■ Activity
Please copy exactly the part of the records below that opens with the line containing "Akuamarin ve pembe" and closes with the line containing "El documento presenta", leaving out any pictures.

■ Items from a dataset

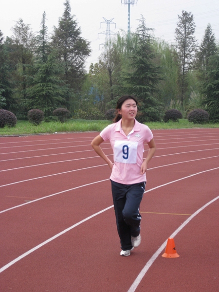 记:是的,名次不是目标。你在上次校运会有参赛吗?
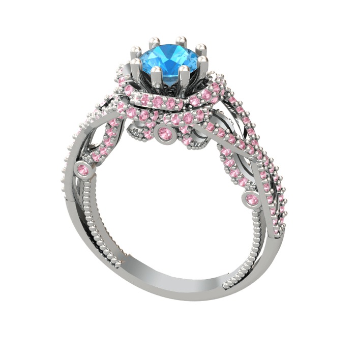 Akuamarin ve pembe kuvars 14 ayar beyaz altın yüzük
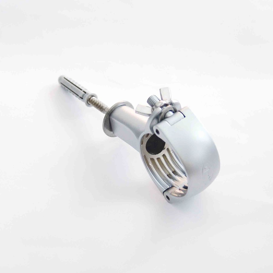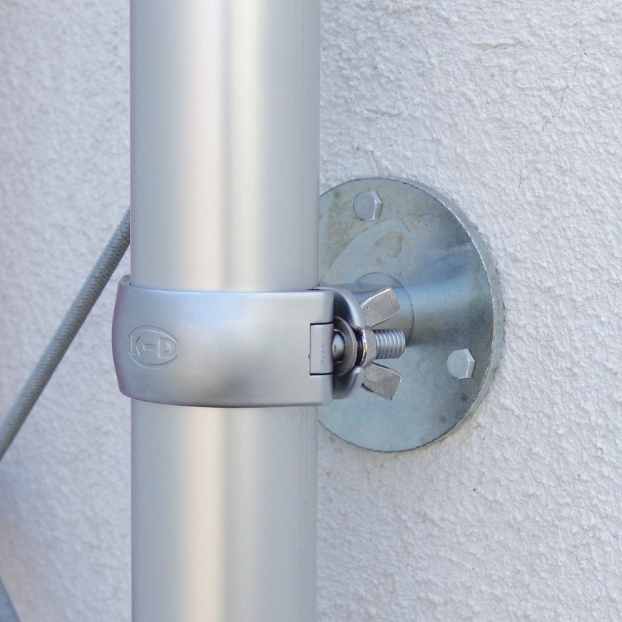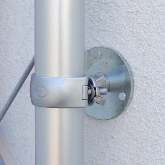 Montagem na parede com acoplamento de alumínio equipado com 1 ou 3 orifícios para montagem na parede. Material de montagem incluído. Disponível em embalagem de 2 peças.
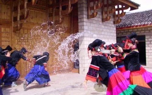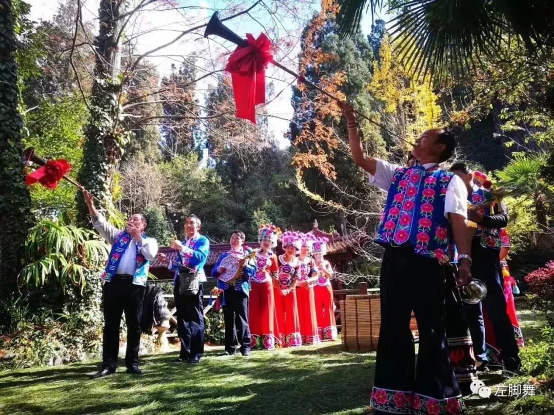 迎亲——举行婚礼这天,男方家喜气洋洋、亲朋满座。院子中间用树枝搭起一座青棚,棚内外披红挂彩,正中摆放彝家喜神牌位。彝家歌手演唱着富有民族情调的青棚调,亲朋好友欢聚一堂,歌声不停、唢呐声不断。男方家聚亲的队伍来到女方家门前时,要接受女方的兄弟姐妹和同辈青年男女的泼水,以示欢迎和庆贺。彝家人认为:泼了水,姑娘到丈夫家后就不会到很远的地方背水,即使天旱也有吃有喝。娶亲的队伍进了女方家门后,在供桌上点上香、磕完头,接着就开始展示带来的礼物,女方也展示姑娘的嫁妆。这时,由女方父母请来的歌师开始唱娶亲歌,唱一段、展示一样,且唱到什么就必须展示什么,不然歌师就要用簸箕在娶亲人的头上打三下,引得众人哄堂大笑。展示完毕后,女方家招待娶亲的人喝水:先喝茶、后喝糖水,称为"先苦后甜"。接着摆好香槟,请女方的舅辈来说一些吉利的话,然后打开红盒,给新郎披上两匹红彩带。一切完毕之后,女方家盛宴招待娶亲的人、亲朋好友以及本村本寨的乡亲。席间,新郎要到每一桌先作揖,后敬酒。等所有的客人都吃完饭后,才能娶新娘动身回家。如果路远,女方家会热情地招待娶亲的人住下,第二天再走,当晚,女方家院子里或房外广场上,人们通宵达旦地跳左脚舞。如果路近,当天就可以娶亲回家。当人们进行上述活动的时候,新娘一般在楼上梳妆打扮,作出嫁前的准备。动身之前女方的舅辈带着新郎去女方家祖宗牌位前拜别,新娘则由哥哥或弟弟从楼上背到堂屋门外与新郎一同上路,媒人在后招呼所有女方家的客人去送亲。送亲的队伍以一对年轻夫妇为主,其余的姑娘的同伴或较亲的小辈,他们可以一直送到男方家。彝家的规矩,不管路有多远,一律走路,不骑马、不坐轿,如今也有乘坐汽车和拖拉机的。于是,娶亲、送亲的队伍在喇叭和唢呐喜气洋洋的乐曲声中,背、抬着令人眼花缭乱的嫁妆,浩浩荡荡地向男方家出发。一路上,人们还弹月琴、唱山歌,跳左脚舞,热闹非凡。婚礼——娶亲队伍回到新郎家门口,要燃放大火炮和鞭炮,请毕摩念头进亲经,然后新娘在手持两枝火把的少女陪同下,走进大门并一直走到洞房中床上坐下。这时,一中年妇女主持,新郎新娘喝交杯酒。然后新郎走出洞房,来自女方家的女宾则陪着新娘留在房中,按传统习俗,晚饭时,新娘一天不得吃两家饭,由陪同的人把女方带来的饭菜热给新娘,并邀约新郎陪着吃。接着,男方家大宴宾客,在青棚院心中烧一堆火,大家围着火堆弹弦子、唱调子、跳左脚舞。这时,新郎和新娘也参加到跳舞的行列中,大家围成圆圈,尽情地唱跳,且往往跳到天亮。天亮后,新娘去挑两担水到厨房里,同时在灶里烧一把火,表示新娘已经开始在新郎家烧火做饭。这一天,新郎家还要宴请宾客,宾客大多是本氏族内的人,外来客人已经走了,第三天,新娘要回娘家,俗称回门。回门的时间一般为四五天,新娘即回到夫家来生活。
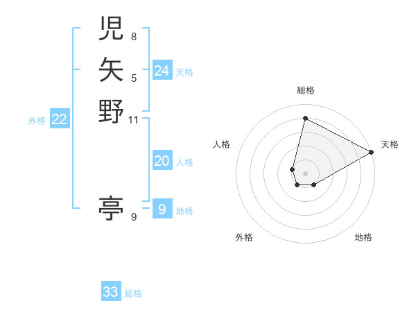 児矢野 亭さんの総格は33画の4点!
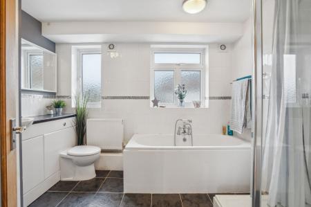 A glazed door leads through to the rest of the accommodation. The generously proportioned bathroom is well-appointed with a bath featuring a tap/shower mixer, a walk-in shower with dual rainfall and handheld shower heads, and a large vanity unit housing a fitted sink and WC. There is also a large storage cupboard with plumbing for a washing machine and space for a tumble dryer.
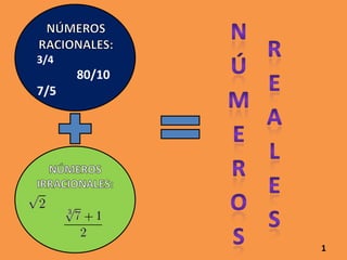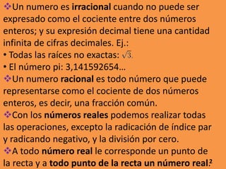 El documento presenta información sobre números reales, racionales e irracionales, expresiones algebraicas, ecuaciones, funciones y proporcionalidad. Explica que los números reales incluyen a los racionales e irracionales, y que una expresión algebraica combina números y letras con operaciones. También define conceptos como ecuación, función, proporción y sistema de ecuaciones.
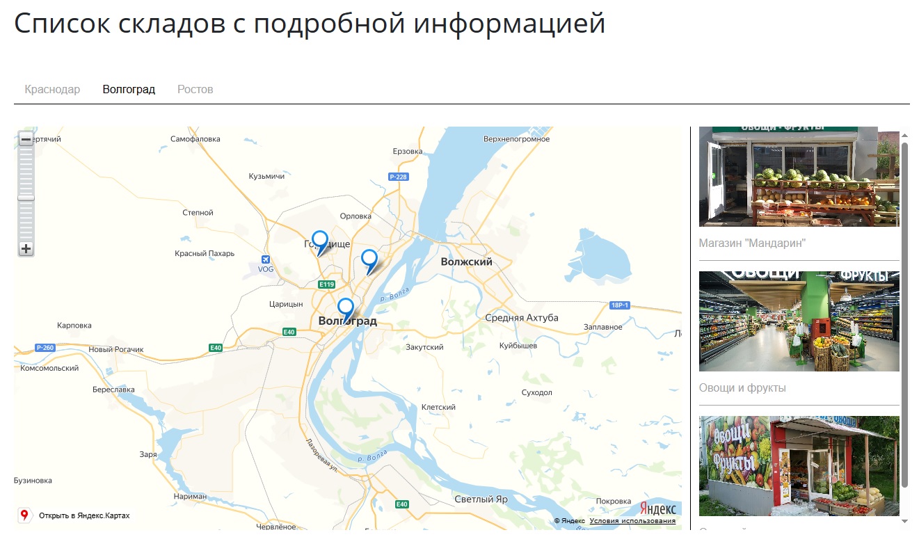 - Размещение складов на Яндекс Карте по указанным координатам в виде меток;

■ Response to this exercise
 Akuamarin ve pembe kuvars 14 ayar beyaz altın yüzük
 Montagem na parede com acoplamento de alumínio equipado com 1 ou 3 orifícios para montagem na parede. Material de montagem incluído. Disponível em embalagem de 2 peças.
 迎亲——举行婚礼这天,男方家喜气洋洋、亲朋满座。院子中间用树枝搭起一座青棚,棚内外披红挂彩,正中摆放彝家喜神牌位。彝家歌手演唱着富有民族情调的青棚调,亲朋好友欢聚一堂,歌声不停、唢呐声不断。男方家聚亲的队伍来到女方家门前时,要接受女方的兄弟姐妹和同辈青年男女的泼水,以示欢迎和庆贺。彝家人认为:泼了水,姑娘到丈夫家后就不会到很远的地方背水,即使天旱也有吃有喝。娶亲的队伍进了女方家门后,在供桌上点上香、磕完头,接着就开始展示带来的礼物,女方也展示姑娘的嫁妆。这时,由女方父母请来的歌师开始唱娶亲歌,唱一段、展示一样,且唱到什么就必须展示什么,不然歌师就要用簸箕在娶亲人的头上打三下,引得众人哄堂大笑。展示完毕后,女方家招待娶亲的人喝水:先喝茶、后喝糖水,称为"先苦后甜"。接着摆好香槟,请女方的舅辈来说一些吉利的话,然后打开红盒,给新郎披上两匹红彩带。一切完毕之后,女方家盛宴招待娶亲的人、亲朋好友以及本村本寨的乡亲。席间,新郎要到每一桌先作揖,后敬酒。等所有的客人都吃完饭后,才能娶新娘动身回家。如果路远,女方家会热情地招待娶亲的人住下,第二天再走,当晚,女方家院子里或房外广场上,人们通宵达旦地跳左脚舞。如果路近,当天就可以娶亲回家。当人们进行上述活动的时候,新娘一般在楼上梳妆打扮,作出嫁前的准备。动身之前女方的舅辈带着新郎去女方家祖宗牌位前拜别,新娘则由哥哥或弟弟从楼上背到堂屋门外与新郎一同上路,媒人在后招呼所有女方家的客人去送亲。送亲的队伍以一对年轻夫妇为主,其余的姑娘的同伴或较亲的小辈,他们可以一直送到男方家。彝家的规矩,不管路有多远,一律走路,不骑马、不坐轿,如今也有乘坐汽车和拖拉机的。于是,娶亲、送亲的队伍在喇叭和唢呐喜气洋洋的乐曲声中,背、抬着令人眼花缭乱的嫁妆,浩浩荡荡地向男方家出发。一路上,人们还弹月琴、唱山歌,跳左脚舞,热闹非凡。婚礼——娶亲队伍回到新郎家门口,要燃放大火炮和鞭炮,请毕摩念头进亲经,然后新娘在手持两枝火把的少女陪同下,走进大门并一直走到洞房中床上坐下。这时,一中年妇女主持,新郎新娘喝交杯酒。然后新郎走出洞房,来自女方家的女宾则陪着新娘留在房中,按传统习俗,晚饭时,新娘一天不得吃两家饭,由陪同的人把女方带来的饭菜热给新娘,并邀约新郎陪着吃。接着,男方家大宴宾客,在青棚院心中烧一堆火,大家围着火堆弹弦子、唱调子、跳左脚舞。这时,新郎和新娘也参加到跳舞的行列中,大家围成圆圈,尽情地唱跳,且往往跳到天亮。天亮后,新娘去挑两担水到厨房里,同时在灶里烧一把火,表示新娘已经开始在新郎家烧火做饭。这一天,新郎家还要宴请宾客,宾客大多是本氏族内的人,外来客人已经走了,第三天,新娘要回娘家,俗称回门。回门的时间一般为四五天,新娘即回到夫家来生活。
 児矢野 亭さんの総格は33画の4点!
 A glazed door leads through to the rest of the accommodation. The generously proportioned bathroom is well-appointed with a bath featuring a tap/shower mixer, a walk-in shower with dual rainfall and handheld shower heads, and a large vanity unit housing a fitted sink and WC. There is also a large storage cupboard with plumbing for a washing machine and space for a tumble dryer.
 El documento presenta información sobre números reales, racionales e irracionales, expresiones algebraicas, ecuaciones, funciones y proporcionalidad. Explica que los números reales incluyen a los racionales e irracionales, y que una expresión algebraica combina números y letras con operaciones. También define conceptos como ecuación, función, proporción y sistema de ecuaciones.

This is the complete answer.